Supplied material ::
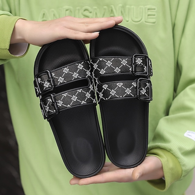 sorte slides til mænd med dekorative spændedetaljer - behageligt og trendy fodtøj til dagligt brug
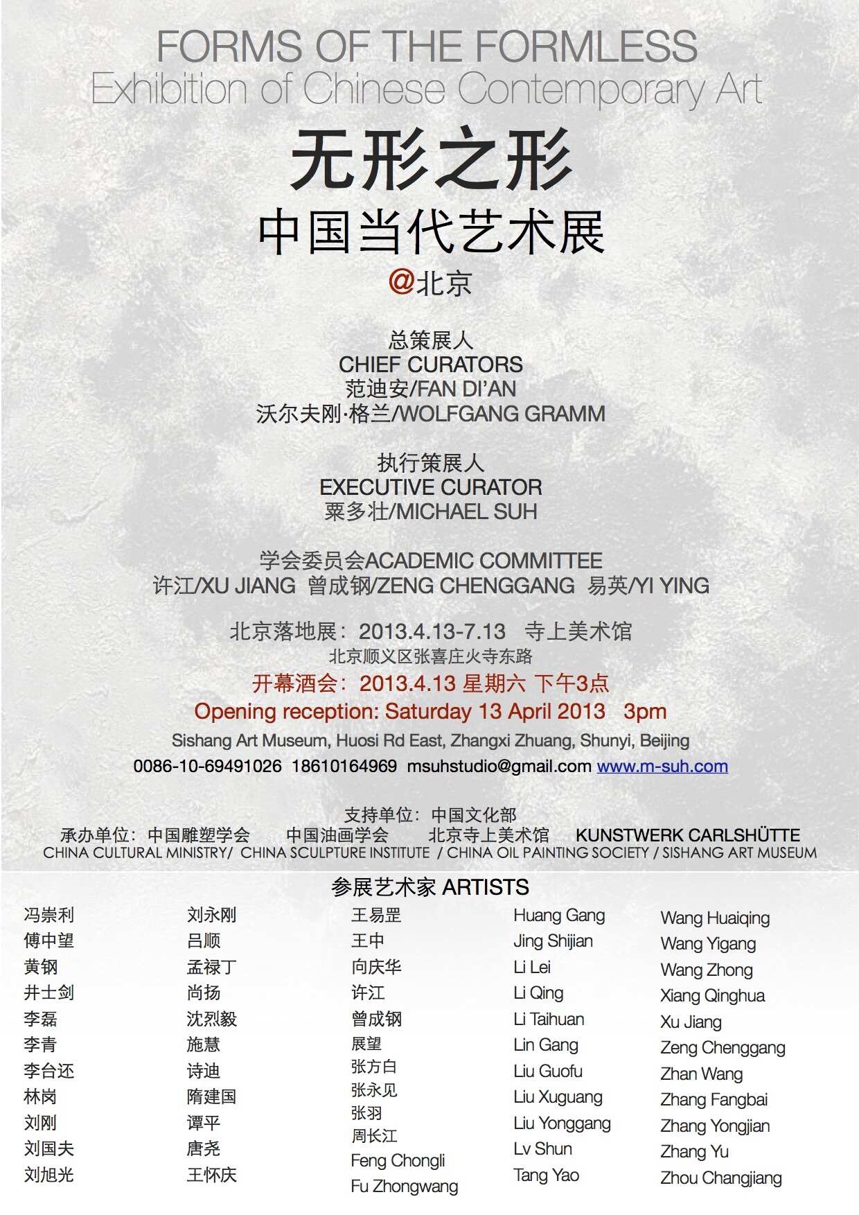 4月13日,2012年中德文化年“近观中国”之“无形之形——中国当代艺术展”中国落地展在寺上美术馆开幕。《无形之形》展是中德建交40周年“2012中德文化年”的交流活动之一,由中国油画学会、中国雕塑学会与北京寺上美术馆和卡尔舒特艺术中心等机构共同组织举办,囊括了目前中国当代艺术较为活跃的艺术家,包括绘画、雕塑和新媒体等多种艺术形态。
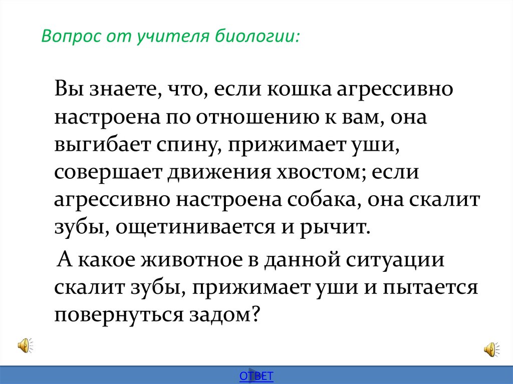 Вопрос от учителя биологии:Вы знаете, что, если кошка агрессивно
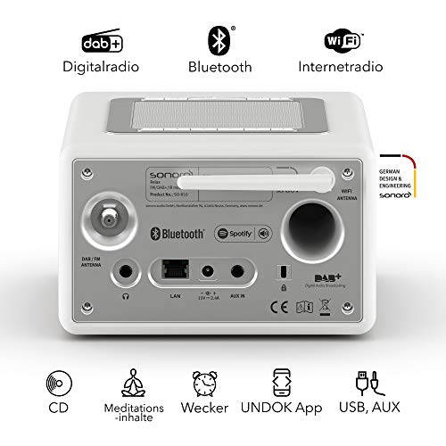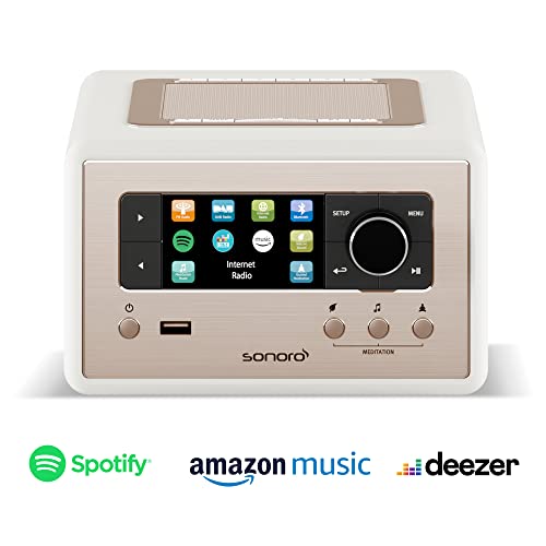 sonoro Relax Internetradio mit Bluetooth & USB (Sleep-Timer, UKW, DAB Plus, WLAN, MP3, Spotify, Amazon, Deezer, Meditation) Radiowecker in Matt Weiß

* * *

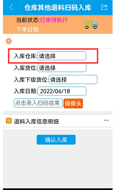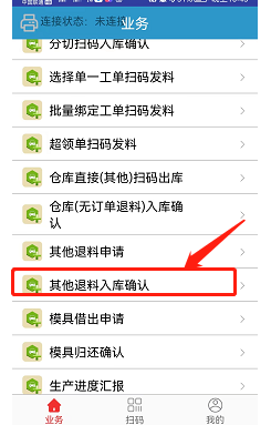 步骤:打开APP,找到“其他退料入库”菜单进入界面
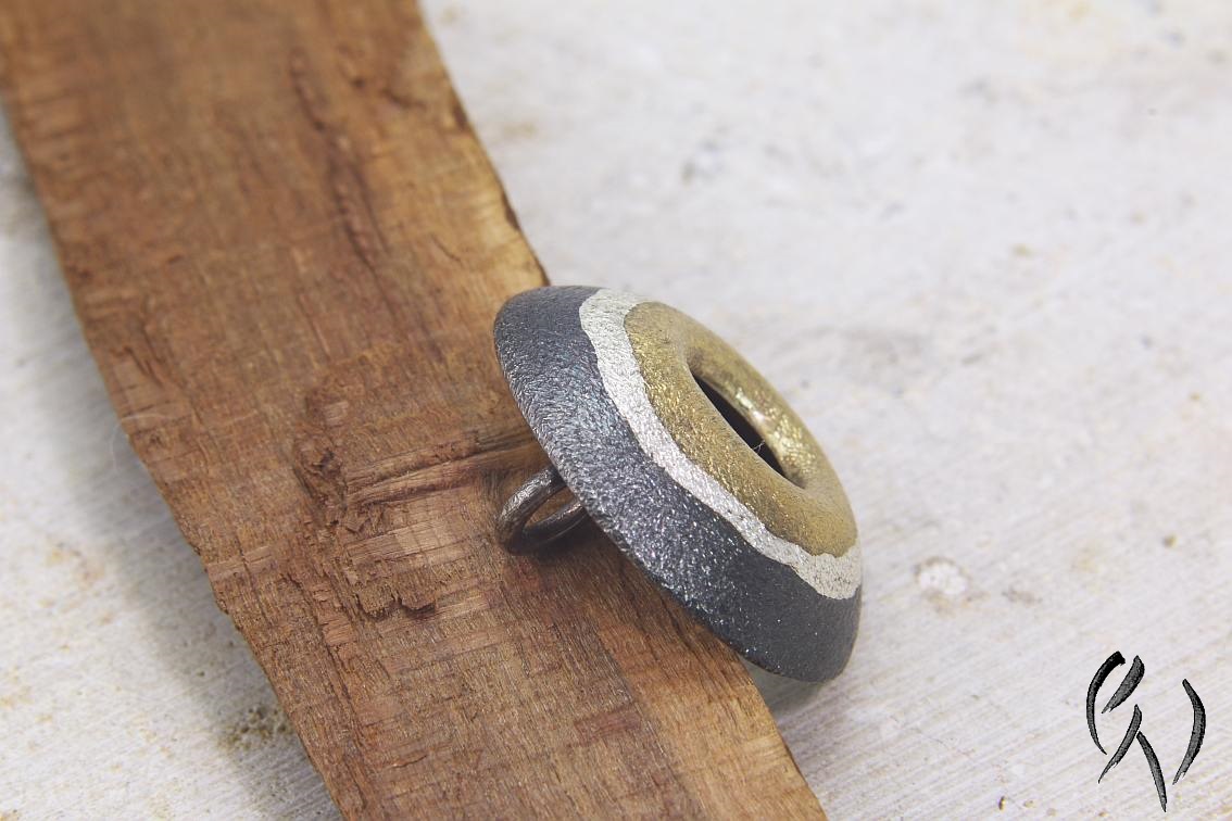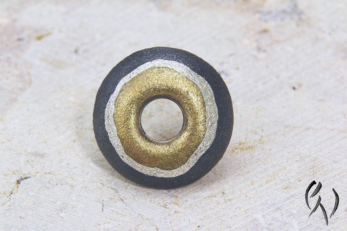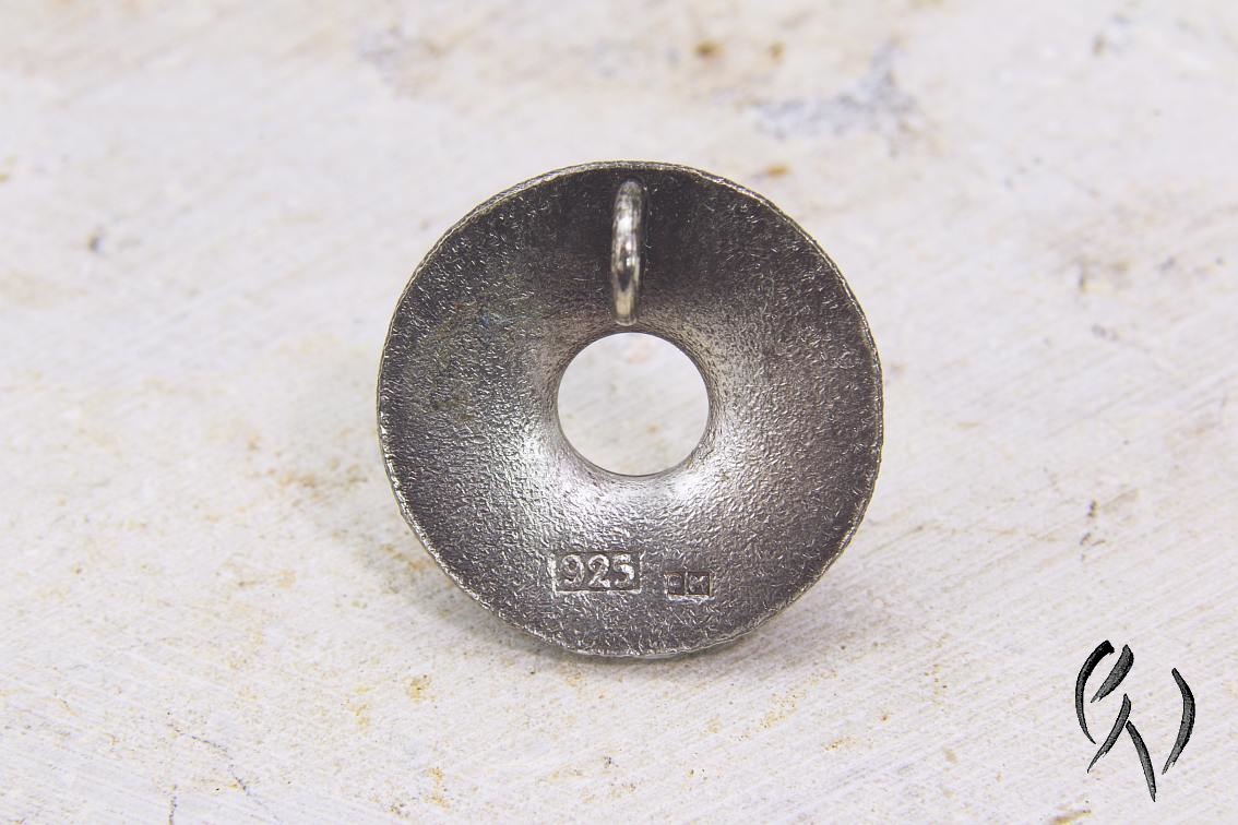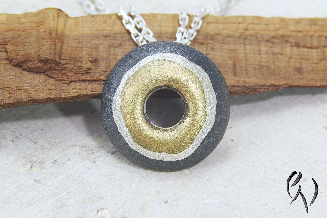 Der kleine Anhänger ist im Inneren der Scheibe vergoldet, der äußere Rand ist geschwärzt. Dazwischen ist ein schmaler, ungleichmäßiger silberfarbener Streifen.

How to complete this task :: Give again, exactly as written above, each line from the one that has "sorte slides til" to the one that has "sonoro Relax Internetradio", both included; omit the pictures.

Answer box ::
 sorte slides til mænd med dekorative spændedetaljer - behageligt og trendy fodtøj til dagligt brug
 4月13日,2012年中德文化年“近观中国”之“无形之形——中国当代艺术展”中国落地展在寺上美术馆开幕。《无形之形》展是中德建交40周年“2012中德文化年”的交流活动之一,由中国油画学会、中国雕塑学会与北京寺上美术馆和卡尔舒特艺术中心等机构共同组织举办,囊括了目前中国当代艺术较为活跃的艺术家,包括绘画、雕塑和新媒体等多种艺术形态。
 Вопрос от учителя биологии:Вы знаете, что, если кошка агрессивно
 sonoro Relax Internetradio mit Bluetooth & USB (Sleep-Timer, UKW, DAB Plus, WLAN, MP3, Spotify, Amazon, Deezer, Meditation) Radiowecker in Matt Weiß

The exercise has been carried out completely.